To celebrate the return of the mainstream (and to suss out the role played by the major labels who had…started to miss it), we put on our media theory hats and start investigating. How do careers function now that new music doesn’t need to be new? Has digitally based fragmentation started to produce its opposite? Is the culture industry—with all of its coercive power—back? Come for the socio-technical implications of the Chappelle timeline. Stay for what it says about the nature of post-post-modernity.
Friday Oct 18, 2024
Streaming Music, Streaming Capital (W/ Eric Drott)
Friday Oct 18, 2024
Friday Oct 18, 2024
How did streaming change music? Not like how did it change the music industry (we talk about that plenty, obviously). And not how did it change bitrate. But how did streaming change the nature of the music that you listen to? How and why and does it matter that you now pay a limited rate for an unlimited amount of music? Within capitalism, how does it matter that "streaming" functions under a fundamentally different system of copyright and finance and technology than…say buying? And how does that all service data collection, listening habits, personalized feeds and everything else? These questions are at the heart of Eric Drott’s wonderful new book “Streaming Music, Streaming Capital,” which starts to grapple with the fundamental questions of what streaming is exactly—and what it’s done to us.
Friday Sep 27, 2024
NÜ METAL FOREVER (w/ Holiday Kirk)
Friday Sep 27, 2024
Friday Sep 27, 2024
NÜ metal sucks. Right? It’s what critics have screamed ever since the taste-defying mashup of funk-metal, rap, industrial, and post-hardcore stormed onto the charts in the mid ‘90s. When bands like Slipknot, Linkin Park, System of a Down, Korn, or Limp Bizkit dominated the charts, the take was muted by raw success.

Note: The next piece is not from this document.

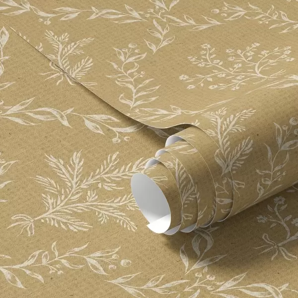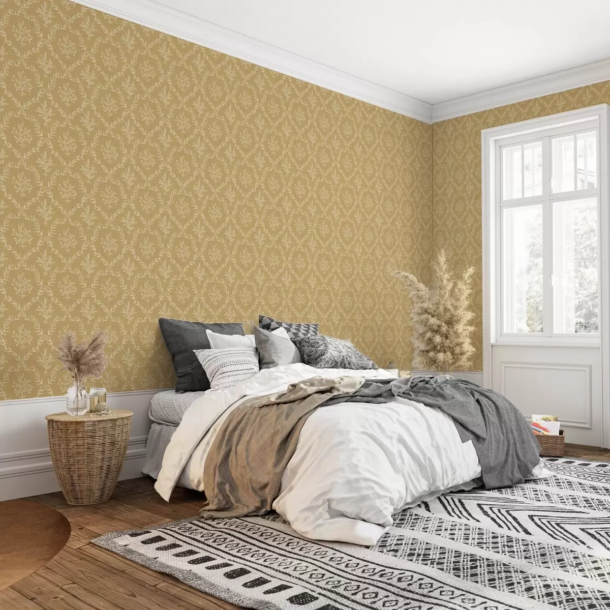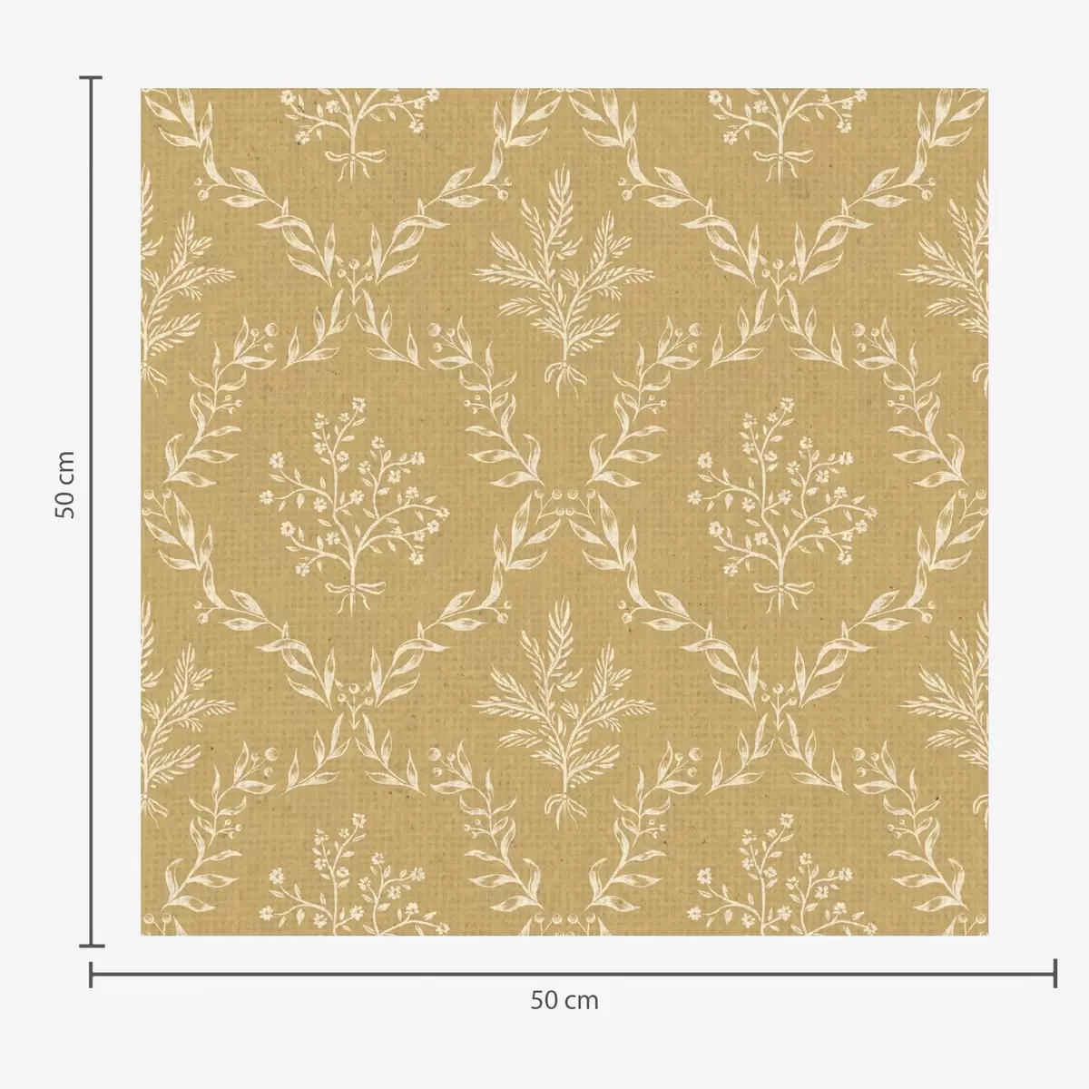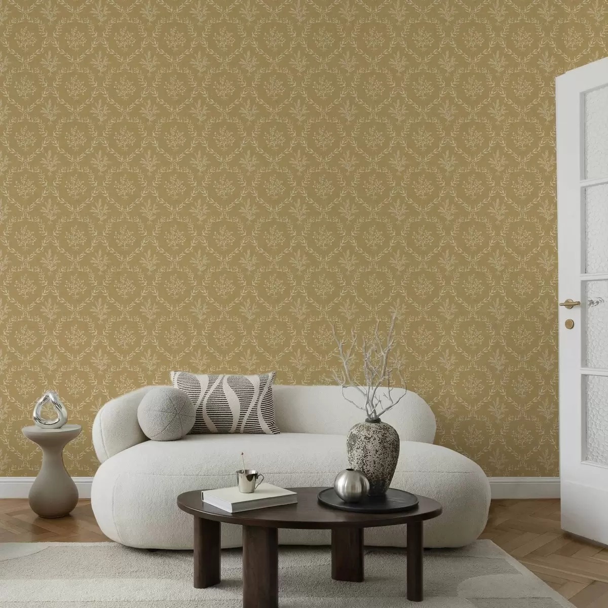 Papiers peints Couronnes blanches d'herbes et de fleurs sur fond moutarde Nr. a00599

But the second the acts slipped…the entire movement was (more or less) decried as tasteless trash—the worst of rockism, utterly beyond the pale. Why though? Could the last truly successful (from a chart perspective) rock movement REALLY have no redeeming qualities? And if it did…why hasn’t anyone been thinking about them? Well—one hero has. It’s Holiday Kirk, the “CEO of NÜ Metal,” whose remarkable twitter-project “crazy ass moments in nu metal history” has brought welcome attention back to the style—and shone a spotlight on a new generation of artists reimagining the sound. We talk to Holiday about why he fell (back) in love with the style, the mixture of dumb and brilliant that defines its output, And why Korn were the best sellouts of all time. Then we get heady, and try to think through the political implications of the genre’s white male rage—and what it means that it was so thoroughly rejected by the tastemakers of the Obama era. Come for a validation of the musical trauma of throwing away your copy of Hybrid Theory. Stay for a discussion of the class, politics, taste, and the meaning of Rock in American history.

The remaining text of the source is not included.